Why not convert the training code to AST?
You could, but it is extremely expensive to train an LLM that is competitive on coding evals. So, I was assuming use of a model someone else trained.
Also, if it is only trained on code, it's likely to miss out on all the world knowledge that comes from the rest of the data.
fine tune instead of training from scratch might help.
I think you've hit the nail on the head here.
After being pleasantly surprised at how well an AI did at a task I asked of it a few months ago that I thought was much more complicated, I was amused at how badly it did when I asked it to refactor some code to change variable names in one single source file to match a particular coding standard. After doing the work that a good junior developer might have needed a couple of days for, it failed hard at refactoring, working more at the level of a high school freshman.
Structured output generally gives a nice performance boost, so I agree.
Specifically, I'd love to see widespread structured output support for context free grammars.

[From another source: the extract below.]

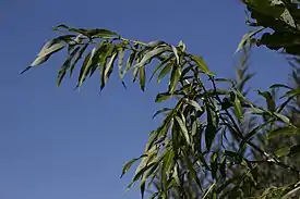 Прилистники косо-яйцевидные или почковидные, по краю железисто-зубчатые, длиной около 0,4—0,8 см. Листья ланцетные, заострённые, длиной до 10—12 см, шириной 0,7—3,2 см, по краю равномерно-железисто-пильчатые, сверху тёмно-зелёные, лоснящиеся, снизу сизые; молодые листья голые или вначале покрытые исчезающим пушком. Черешки длиной до 0,8 см.

You get a few here and there - vLLM for example. Most LLMs as a service only support JSON output which is better than nothing but doesn't cover this case at all.
Something with semantic analysis - scope informed output, would be a cherry on the top, but while technically possible, I don't see arriving anytime soon. But hey - maybe an opportunity for product differentiation.
Yeah see my other comment above, I've done it with arbitrary grammars, works quite well, don't know why this isn't more widespread
AST is only half of the picture. Semantics (aka the action taken by the abstract machine) are what’s important. What code helps with is identifying patterns which helps in code generation (defmacro and api services generations) because it’s the primary interface. AST is implementation detail.
If you look API exposed by LSP you would understand why. It's very hard to use LSP outside an editor because a lot of it is "where is a symbol in file X on line Y between these two columns is used"
You're looking for Serena: https://github.com/oraios/serena
There's a few agents that integrate with LSP servers
opencode comes to mind off the top of my head
it still tends to do a lot of grep and sed though.